Top of SOURCE MATERIAL
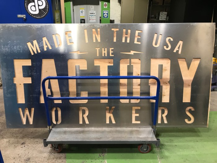 4 ft. x 8 ft. Stainless Steel Sign (plywood backing for transport) cut on the CNC.
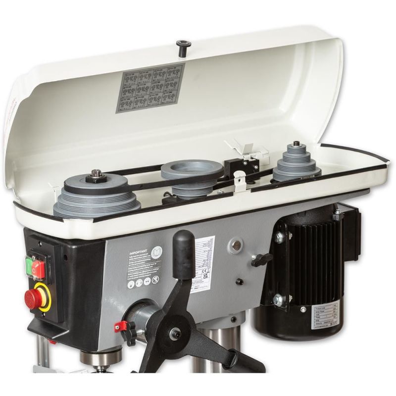 - Enhanced Safety System: The electronically interlocked chuck guard and integrated belt cover safety switch prevent the machine from being accidentally turned on or running with the cover open, ensuring maximum safety.
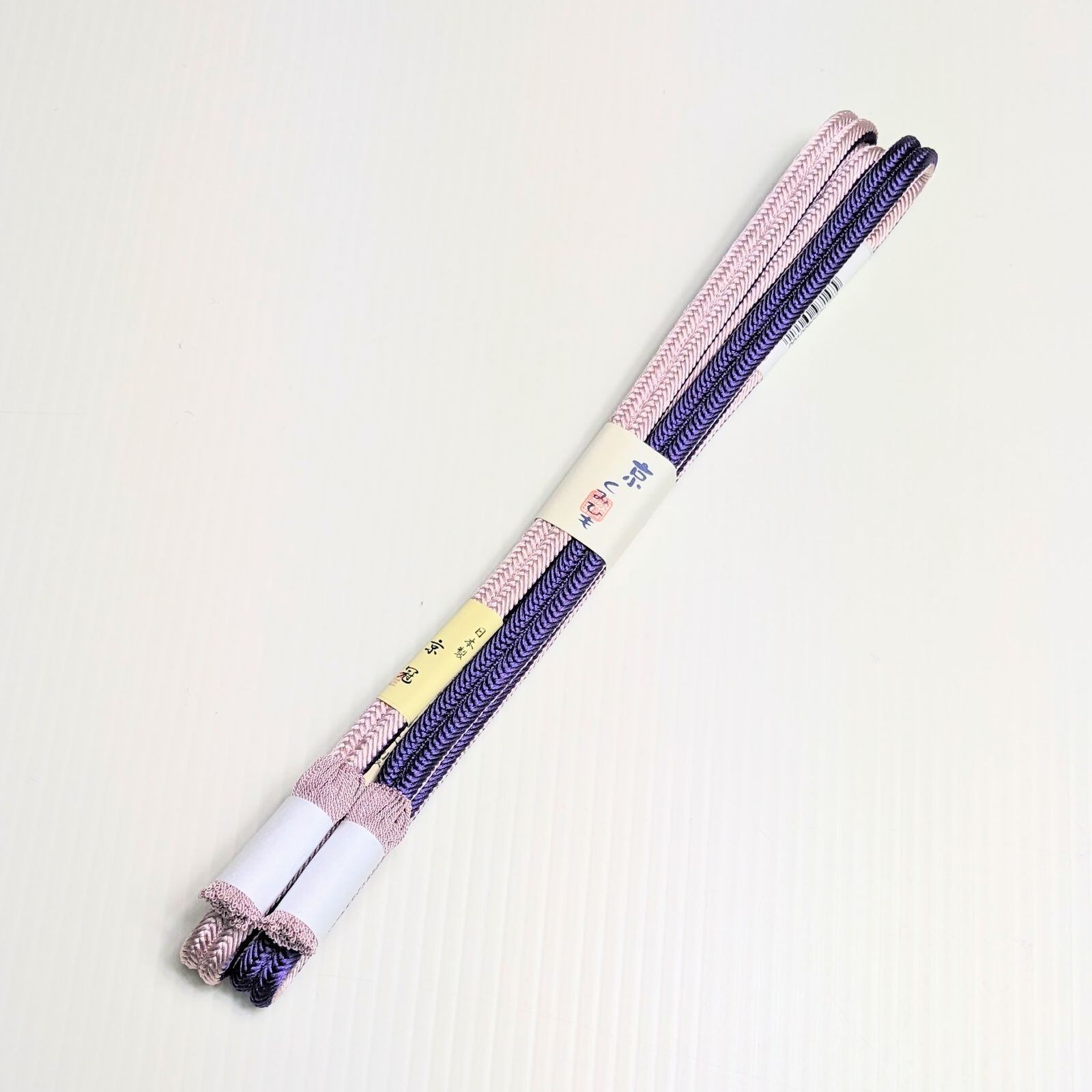 帯締め リバーシブル 絹100% 正絹 平 組紐 紫 ピンク w6-17
Bottom of SOURCE MATERIAL
> WHAT YOU HAVE TO DO
All lines above must be repeated exactly, and the pictures must be omitted.

> RESPONSE
 4 ft. x 8 ft. Stainless Steel Sign (plywood backing for transport) cut on the CNC.
 - Enhanced Safety System: The electronically interlocked chuck guard and integrated belt cover safety switch prevent the machine from being accidentally turned on or running with the cover open, ensuring maximum safety.
 帯締め リバーシブル 絹100% 正絹 平 組紐 紫 ピンク w6-17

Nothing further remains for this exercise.